Partial Observability and Zero-Shot Generalization: The GRG-based variant yields superior generalization to novel goals or environment layouts. In 16×16 grid-worlds (16 goals per map, 12 trained/4 held out), G4RL achieved overall SR=0.74, SPL=0.46, compared to SR=0.45 for canonical hierarchical DQN, and was robust to unseen goals and environments (AI2-THOR, House3D) (Ye et al., 2021).
Long-Horizon Control: Graph-guided self-imitation markedly improved long-horizon learning. For example, in large U-shaped AntMaze, success at 1 million steps improved from ≈19% (MSS baseline) to ≈57% with graph-guided self-imitation. Policy performance persisted even with the planner removed at test time, indicating strong internalization of the structural knowledge (Kim et al., 2023).
Path Planning and Robotics: The two-level SG-RL achieves sub-millisecond planning for abstract sub-goal paths, short and smooth trajectories in large-scale real maps, and robust recovery from unexpected obstacles via local RL policies, with action-switching frequency consistently below 10% (Zeng et al., 2018).
Sample Efficiency and Policy Diversity: Empirical results indicate that G4RL increases sample diversity, state-entropy, and robustness to stochasticity in transitions, broadening the agent's experience space (Kim et al., 2023, Zhang et al., 14 Nov 2025).

6. Practical Implementation and Limitations

Implementing G4RL requires careful attention to graph construction, computational tradeoffs, and environment representation:

Graph Construction Overhead: Finer grid or larger graph improves distance/proximity modeling but increases pre-computation, storage, and update cost. Sparse graphs trade off accuracy and speed; dynamic construction or sampling schemes (e.g., FPS) can manage this (Zhang et al., 14 Nov 2025, Kim et al., 2023).
Policy-Conditioned Connectivity: Dynamic or learned graphs must robustly encode transitions feasible for the current policy. Value-based edge weights or Dirichlet posterior updates tie planning efficacy to policy learning (Ye et al., 2021, Kim et al., 2023).
Low-Dimensional State Constraints: Most G4RL evaluations to date involve compact, spatial or semantic state representations. Applying neural graph encoders to visual state-spaces or high-D observations would require additional metric learning or state embedding techniques (Zhang et al., 14 Nov 2025, Kim et al., 2023).
Environment Symmetry/Transition Regularity: Some G4RL instantiations assume symmetric or reversible transitions for maximal benefit. Performance in highly asymmetric or irreversible settings may require modifications (Zhang et al., 14 Nov 2025).
Exploration vs. Exploitation Tradeoffs: Stochastic sub-goal skipping, graph-governed early termination, and reward shaping substantially affect the learning progression, requiring calibrated hyperparameters (e.g., $\lambda$ , $\alpha$ , stopping thresholds). Performance is empirically robust to these values within broad ranges (Kim et al., 2023, Ye et al., 2021).
Computational Cost: Graph learning and encoder training approximately double computational time relative to base GCHRL in some settings, but performance improvements can offset this via faster learning or higher policy quality (Zhang et al., 14 Nov 2025).

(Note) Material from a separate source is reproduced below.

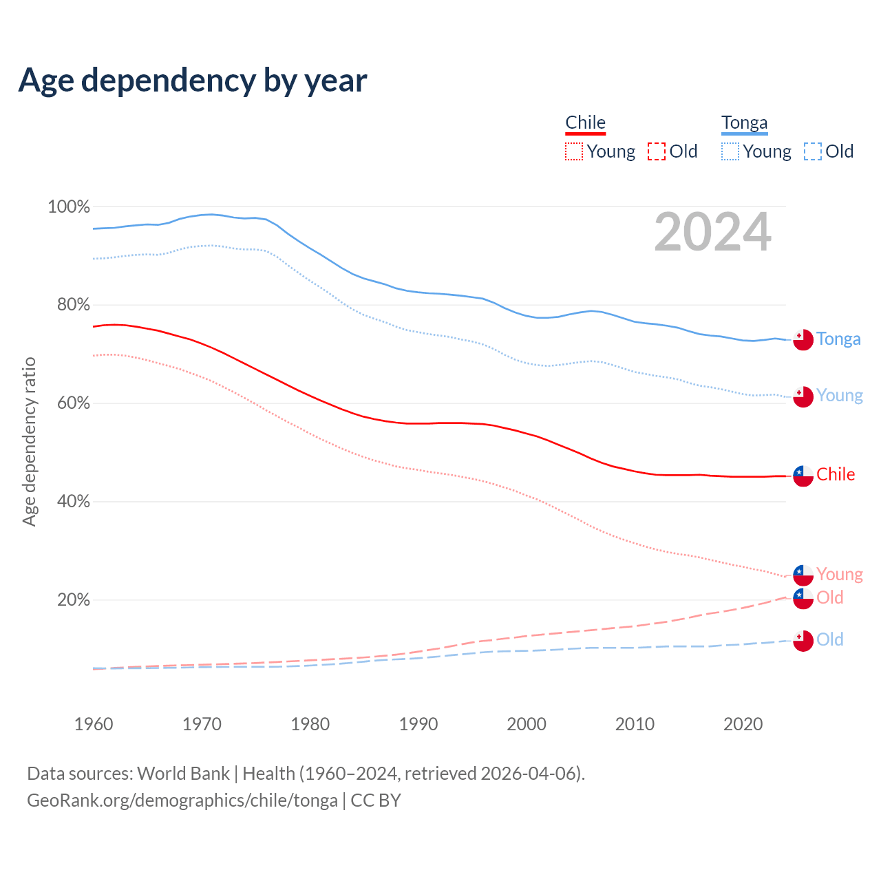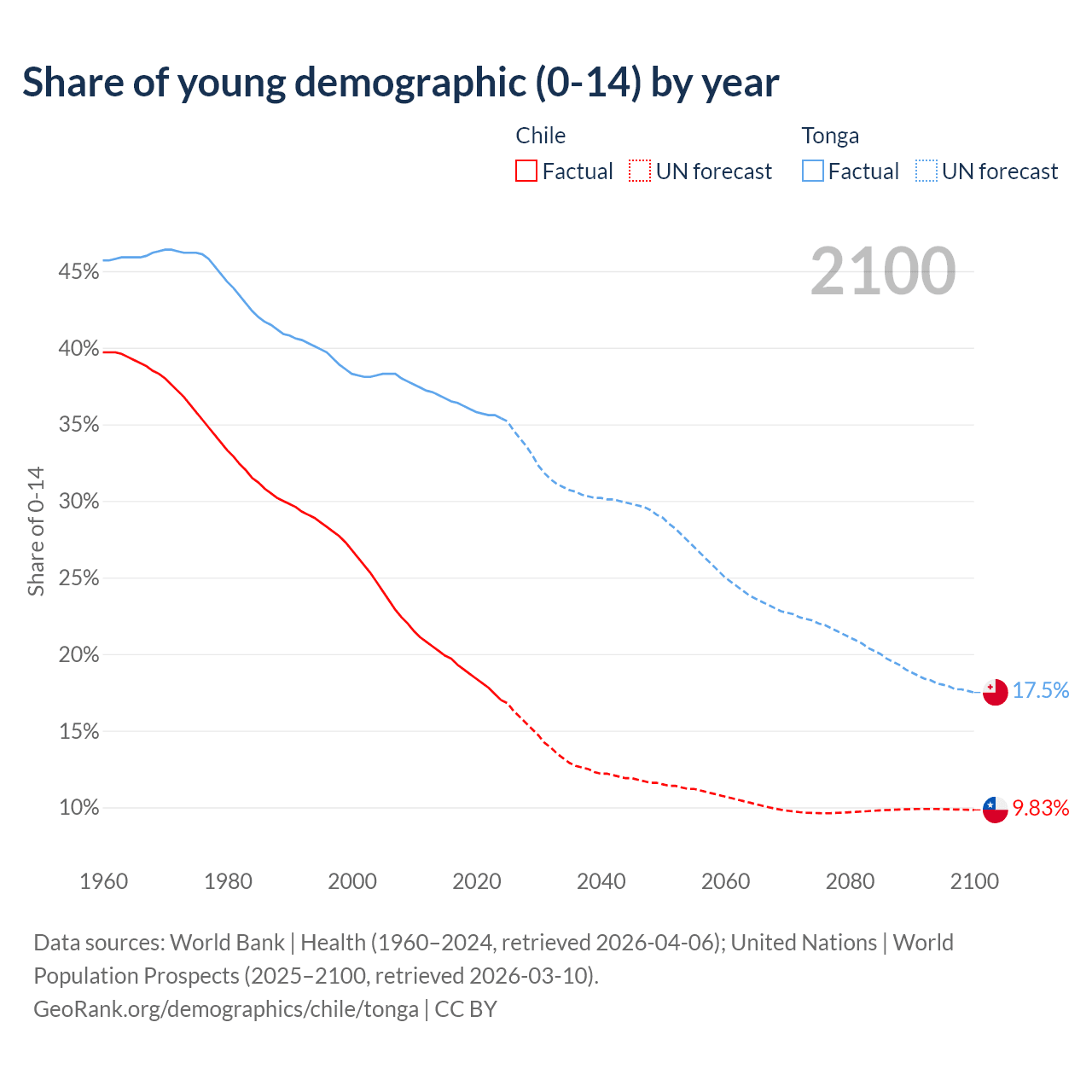 - The share of young demographic (0-15 years old) in Chile is 17% vs 35.4% in Tonga.

Key References and Variants:

Core Idea	Paper Title / arXiv ID	Environment/Domain
Spatial subgoal graph + LSPI	"Combining Subgoal Graphs..." (Zeng et al., 2018)	Robotics, path planning
Graph-based hindsight goal generation	"Complex Robotic Manipulation..." (Bing et al., 2020)	Fetch robotics
Dirichlet-Categorical relational GRG	"Hierarchical...with GRG" (Ye et al., 2021)	Grid-world, AI2-THOR, House3D
Graph-based self-imitation/distillation	"Imitating Graph-Based Planning..." (Kim et al., 2023)	AntMaze, Reacher, etc.
Neural graph encoder-decoder for GCHRL	"Incorporating Spatial Information..." (Zhang et al., 14 Nov 2025)	Diverse GCHRL

G4RL offers a principled methodology for integrating graph-structured abstractions into hierarchical and goal-conditioned RL, enabling richer sub-goal representations, robust planning, and substantial empirical gains in complex and partially observable domains.